▼

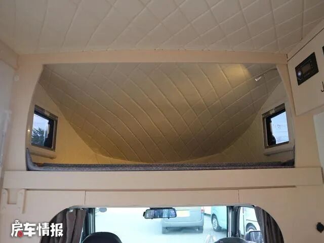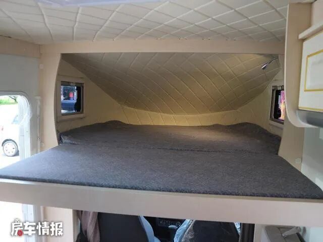 夜晚的时候,这款车内一共提供了两张双人床,第一张是驾驶室顶部的额头床,常规状态下额头床的尺寸为1500*1150毫米,床板可向外抽拉,打开以后尺寸拓展为1500*1750毫米,这样的尺寸真心很大了~
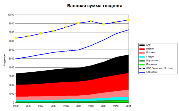 В то время как объёмы выпуска государственных облигаций существенно возросли лишь в нескольких странах еврозоны, рост государственной задолженности стал восприниматься как общая проблема всех стран евросоюза в целом[19]. Тем не менее, европейская валюта остаётся стабильной[20][21]. На три страны, в наибольшей степени затронутых кризисом (Греция, Ирландия и Португалия), приходится 6 процентов валового внутреннего продукта (ВВП) еврозоны[22].
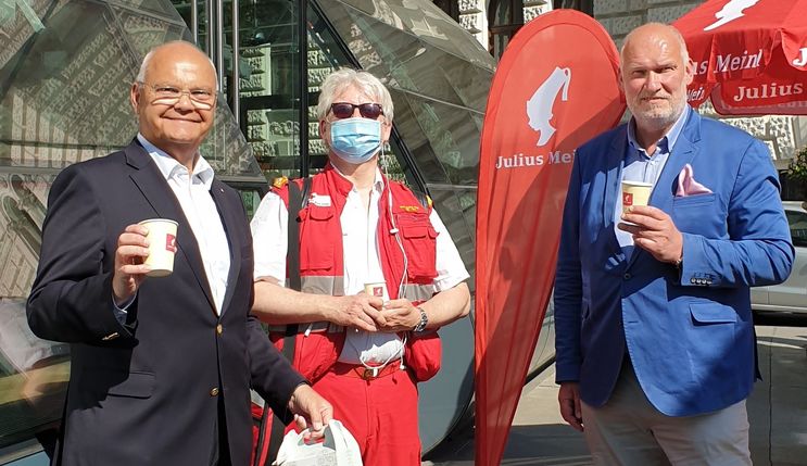 Familie Querfeld und Julius Meinl bedankten sich gestern auf der Terrasse des Café Landtmann bei den Wiener Einsatzkräften mit einer Einladung auf Kaffee und Kuchen. Rund 50 Mitarbeiterinnen und Mitarbeiter vom Roten Kreuz, Samariterbund, Maltesern, Feuerwehr Wien und Polizei Wien waren die Ersten, die sich über Melange & Co sowie Landtmann’s Original Torten zum Mitnehmen freuten.
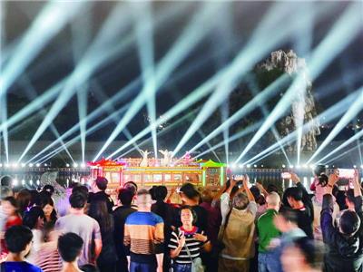 同样展现古韵与新潮交融的,还有“璀璨星湖”光影秀。随着音乐响起,一道道光束划破夜空,东门广场附近的星湖水域瞬间流光溢彩。光影交织间,一艘游船缓缓驶过,波光粼粼,与身后的皎杯石构成立体景观,生动诠释了“夜赏星湖·灯读广府”的独特韵味。“光影秀与秀丽山水相互映衬,十分梦幻。”本地市民陈小姐赞叹道。
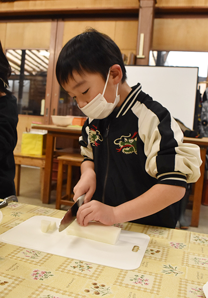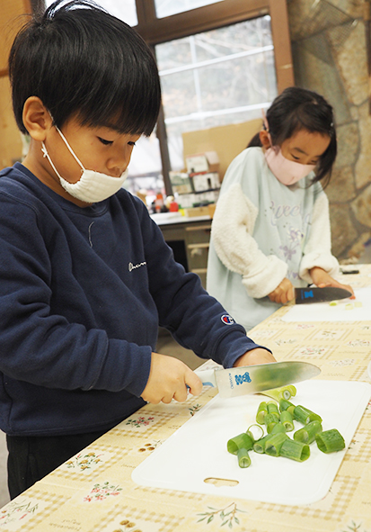 ▼大根、長ネギ、ニンジンは包丁を使って切りました。みんな包丁を使うのがとても上手でした。
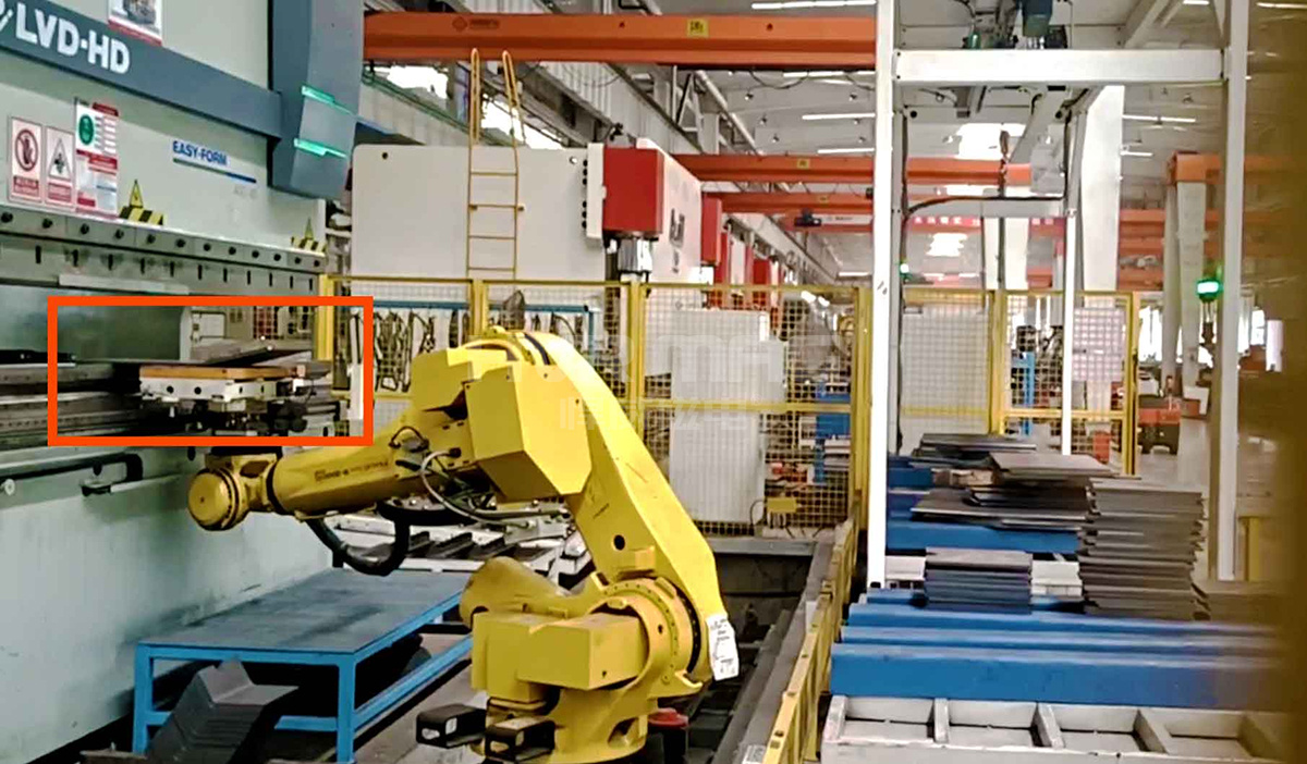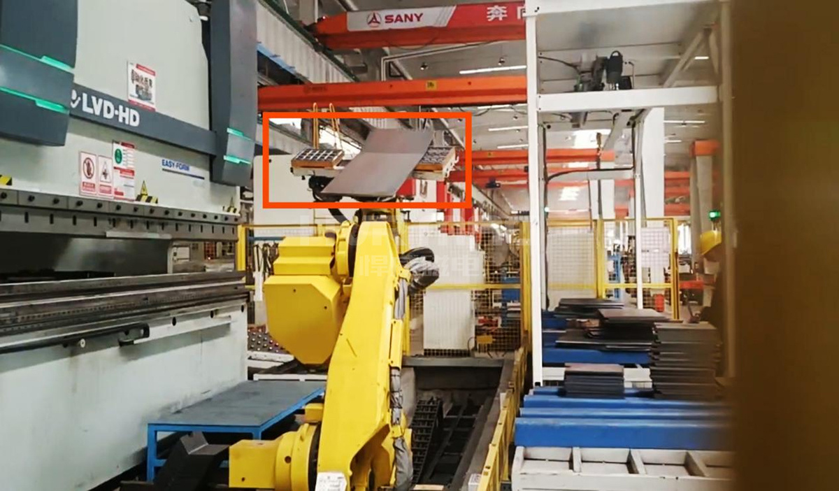 在自動化折彎的過程中,越來越多的制造商開始選擇電永磁鐵配合機器人進行搬運、夾持。如今,這一現象日漸普遍。如下圖所示,在三一重工生產車間,可以見到悍威磁電所生產的電永磁鐵,在配合機械手搬運工件,并將工件放置在折彎機上折彎。從某種程度上來說,電永磁鐵助力工件自動化折彎。
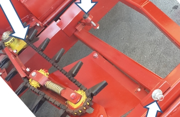 Для того чтобы отрегулировать интенсивность колебаний молоточков вибротранспортера или натянуть транспортер стеблей достаточно открутить одну гайку и откинуть вверх вибротранспортер и лифтер на что требуется 1-2 минуты.
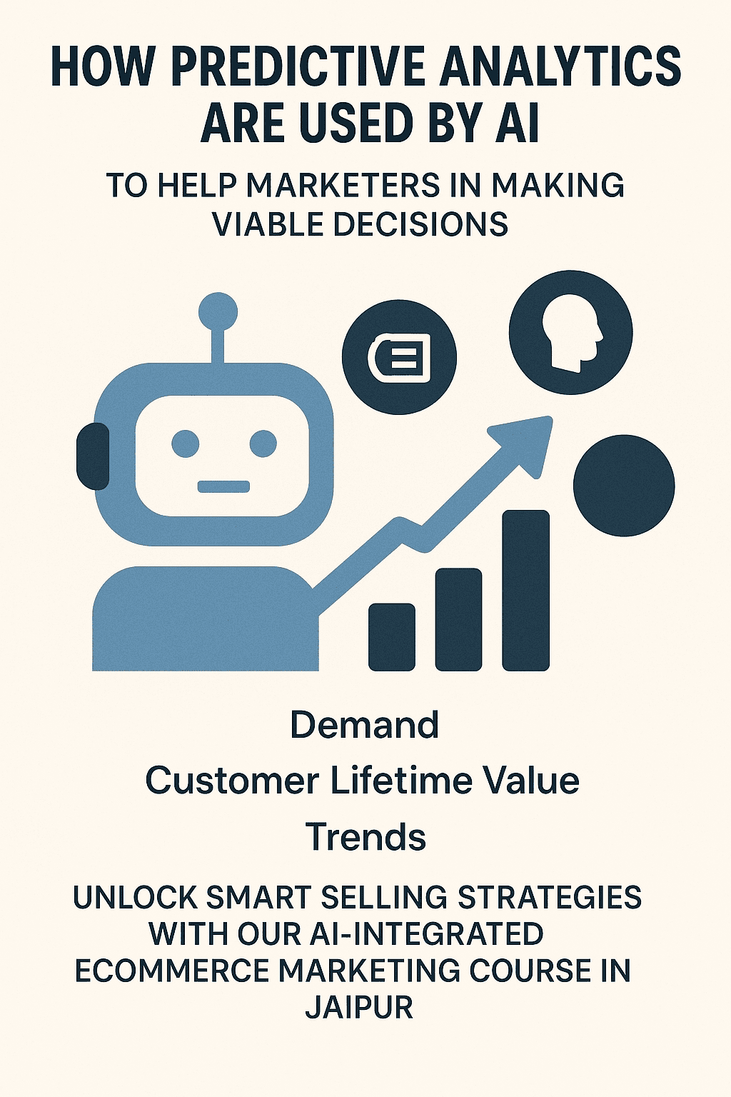 This is how predictive analytics are used by AI to help marketers in making viable decisions. E-commerce touts indications of what forecasts were made on demand, customer lifetime value, and trends well in advance before they become mainstream. This gives marketers the ability to time their campaign launches, know when to stock up on great-selling products, and develop offers directed toward specific customer segments.Unlock smart selling strategies with our AI-integrated eCommerce marketing course in Jaipur.
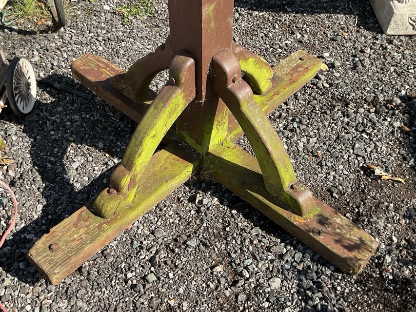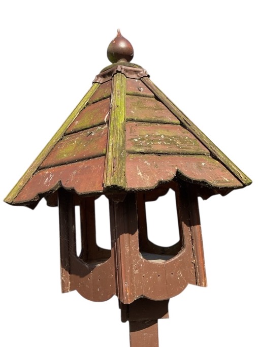 A painted 8ft wood dovecote by Forsham Cottage Arks with hexagonal pitched roof platform having arched apertures and turned finial, supported on a square column, with crossed batten supports on shaped brackets. (96in)
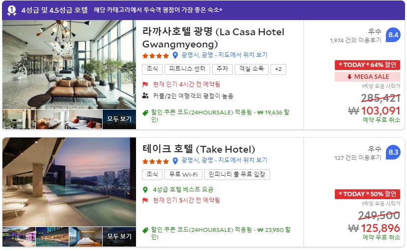 광명역에는 라까사호텔, 테이크호텔이 있는데 테이크호텔과의 비교도 조만간 올려보도록 하겠습니다.
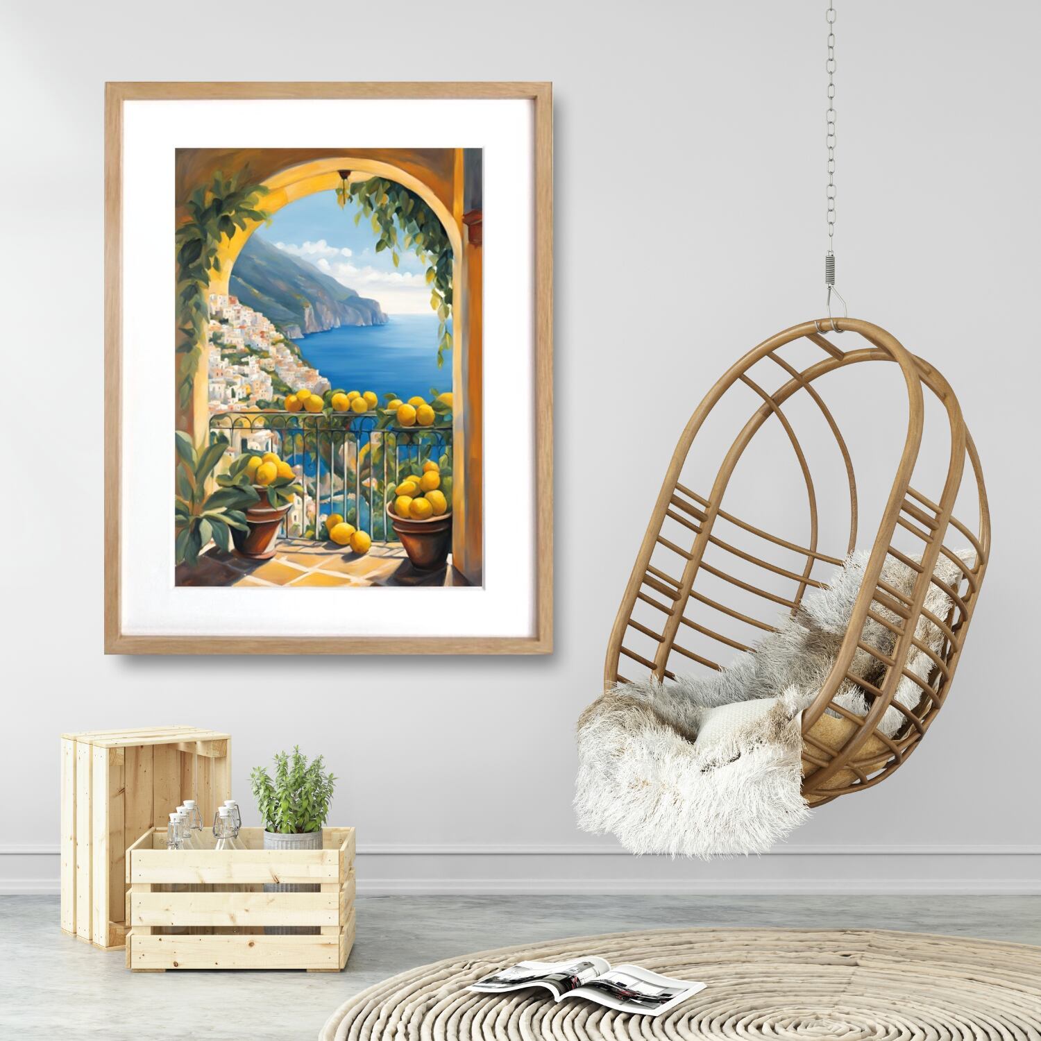 「レモンと地中海」は、シチリアの爽やかな海辺とレモンをモチーフにしたリゾート感あふれるアートポスター。
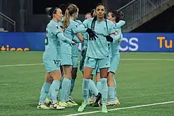 On 14 December, sports media had reported that Giráldez would not continue as coach of Barcelona after the end of the season, adding that he had received a large offer from a team in the National Women's Soccer League (NWSL).[132][133] Giráldez confirmed his departure in a press conference on 18 December.[10] He then managed the team to his 100th victory in charge of them on 21 December,[134] ending the year with a dominant 7–0 win over Rosengård in the return leg of their Champions League group stage fixture and qualifying for the quarter-finals with two games to spare. The first goal was from Walsh, surprisingly scoring in consecutive matches, and the seventh was an own goal from Wik, just as she had done in the previous match.[135][136]

▲

Type out all the records verbatim, minus images.

▸ Output of the exercise
 夜晚的时候,这款车内一共提供了两张双人床,第一张是驾驶室顶部的额头床,常规状态下额头床的尺寸为1500*1150毫米,床板可向外抽拉,打开以后尺寸拓展为1500*1750毫米,这样的尺寸真心很大了~
 В то время как объёмы выпуска государственных облигаций существенно возросли лишь в нескольких странах еврозоны, рост государственной задолженности стал восприниматься как общая проблема всех стран евросоюза в целом[19]. Тем не менее, европейская валюта остаётся стабильной[20][21]. На три страны, в наибольшей степени затронутых кризисом (Греция, Ирландия и Португалия), приходится 6 процентов валового внутреннего продукта (ВВП) еврозоны[22].
 Familie Querfeld und Julius Meinl bedankten sich gestern auf der Terrasse des Café Landtmann bei den Wiener Einsatzkräften mit einer Einladung auf Kaffee und Kuchen. Rund 50 Mitarbeiterinnen und Mitarbeiter vom Roten Kreuz, Samariterbund, Maltesern, Feuerwehr Wien und Polizei Wien waren die Ersten, die sich über Melange & Co sowie Landtmann’s Original Torten zum Mitnehmen freuten.
 同样展现古韵与新潮交融的,还有“璀璨星湖”光影秀。随着音乐响起,一道道光束划破夜空,东门广场附近的星湖水域瞬间流光溢彩。光影交织间,一艘游船缓缓驶过,波光粼粼,与身后的皎杯石构成立体景观,生动诠释了“夜赏星湖·灯读广府”的独特韵味。“光影秀与秀丽山水相互映衬,十分梦幻。”本地市民陈小姐赞叹道。
 ▼大根、長ネギ、ニンジンは包丁を使って切りました。みんな包丁を使うのがとても上手でした。
 在自動化折彎的過程中,越來越多的制造商開始選擇電永磁鐵配合機器人進行搬運、夾持。如今,這一現象日漸普遍。如下圖所示,在三一重工生產車間,可以見到悍威磁電所生產的電永磁鐵,在配合機械手搬運工件,并將工件放置在折彎機上折彎。從某種程度上來說,電永磁鐵助力工件自動化折彎。
 Для того чтобы отрегулировать интенсивность колебаний молоточков вибротранспортера или натянуть транспортер стеблей достаточно открутить одну гайку и откинуть вверх вибротранспортер и лифтер на что требуется 1-2 минуты.
 This is how predictive analytics are used by AI to help marketers in making viable decisions. E-commerce touts indications of what forecasts were made on demand, customer lifetime value, and trends well in advance before they become mainstream. This gives marketers the ability to time their campaign launches, know when to stock up on great-selling products, and develop offers directed toward specific customer segments.Unlock smart selling strategies with our AI-integrated eCommerce marketing course in Jaipur.
 A painted 8ft wood dovecote by Forsham Cottage Arks with hexagonal pitched roof platform having arched apertures and turned finial, supported on a square column, with crossed batten supports on shaped brackets. (96in)
 광명역에는 라까사호텔, 테이크호텔이 있는데 테이크호텔과의 비교도 조만간 올려보도록 하겠습니다.
 「レモンと地中海」は、シチリアの爽やかな海辺とレモンをモチーフにしたリゾート感あふれるアートポスター。
 On 14 December, sports media had reported that Giráldez would not continue as coach of Barcelona after the end of the season, adding that he had received a large offer from a team in the National Women's Soccer League (NWSL).[132][133] Giráldez confirmed his departure in a press conference on 18 December.[10] He then managed the team to his 100th victory in charge of them on 21 December,[134] ending the year with a dominant 7–0 win over Rosengård in the return leg of their Champions League group stage fixture and qualifying for the quarter-finals with two games to spare. The first goal was from Walsh, surprisingly scoring in consecutive matches, and the seventh was an own goal from Wik, just as she had done in the previous match.[135][136]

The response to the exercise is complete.